I was talking to a very good first-aid trainer the other day. He was quite amused of the trends of local governments and private institutions scurrying to have training on safety, first aid and other disaster recovery and rescue right after a disaster happens like, a strong typhoon, earthquake or fire. There is always an upsurge of request for his training right after natural or man-made calamites. Right before it, there was hardly any inkling of the need to have the training for survival and rescue. I laughed with him because the same is so true even in other areas of life. We sometimes need a serious whacking on the side of our heads before we realize the need to learn something.

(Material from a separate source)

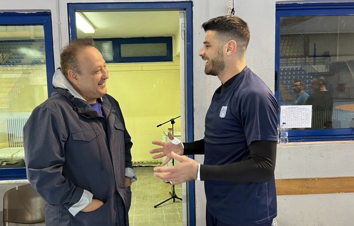Κοντά στους διεθνείς, στην απογευματινή προπόνηση της Εθνικής ανδρών, στη Μίκρα, βρέθηκε ο Α' Αντιπρόεδρος της Ελληνικής Ολυμπιακής Επιτροπής, Στέλιος Αγγελούδης.

Complacency seems to be a bad word. I have not heard of anyone who like to be called complacent because to be called such means that one is so arrogantly satisfied with one’s situation that one fails to recognize the need for change. We don’t like to be called complacent because it would mean that we are waiting for disasters to happen before we realize we cannot afford to be smug. In reality however a lot of us are in fact, complacent. Many of us fail to foresee disasters in our lives or organization waiting to happen because we think that we have everything that we need to run our lives or run our business. Don’t get me wrong, having some degree of satisfaction with how things work in your life and organization is not at all bad. We deserve to have some happiness for the amount of work we do. But to think of settling on what we have now as the key or the panacea to all the challenges that we are going to encounter in the future can lead us to disastrous failures.
A Manager in a large organization projects that she is very good at what she does. This person seems to brim with confidence when she deals with people in her organization and outside. She’s quite fast in bragging about her accomplishments in her past organizations. I’m always amazed at how she likes to project that all decisions she make are right and that all failures are caused by other people or her staff. Yes, her staff, the poor people who work their ass off to clean up the mess she makes are always used as fall guys whenever it is convenient for her to point at them when angry parties get affected by her poor decisions and organizing skills. A friend of mine calls people like her “unconscious, incompetent,” incompetent people who think they are otherwise. I’d like to call her “a bull in a china shop.” Everyone knows she’s breaking everything except her. Everyone else call her “scatter-brained”. What could stop her in her tracks toward inevitable failure? What could make her stop from being the pain in the ass that she is to becoming a more effective manager? Acceptance, acceptance of the fact that she is incompetent in so many things and that she needs to change for her own sake and for the sake of all the people she works with. Acceptance leads to awareness and awareness of the need to grow could lead to growth. It’s just a matter of decision. I wonder however how much humility she has in her person to accept her need to be better. I bet she can be better. Let me rephrase that question to involve all of us. How much humility do we have in ourselves to accept that we have some degree of incompetence that needs to be dealt with? I bet we can all be better.
One of the biggest challenges I guess that people who conduct training or those who are in the business of helping others help themselves is the task of breaking down the barriers to self discovery. These barriers are like false mirrors that reflect false images of us. These mirrors show us how we like to see ourselves, rather than how everyone else sees us. Only two things can break these barriers, a disastrous situation so intense that it makes us realize how foolish we were to ignore the signs, and the other one, a simple acknowledgement that as we journey through our professional and personal lives, challenges mount and that there is a constant need to improve ourselves, equip ourselves and to get ourselves ready to face these challenges.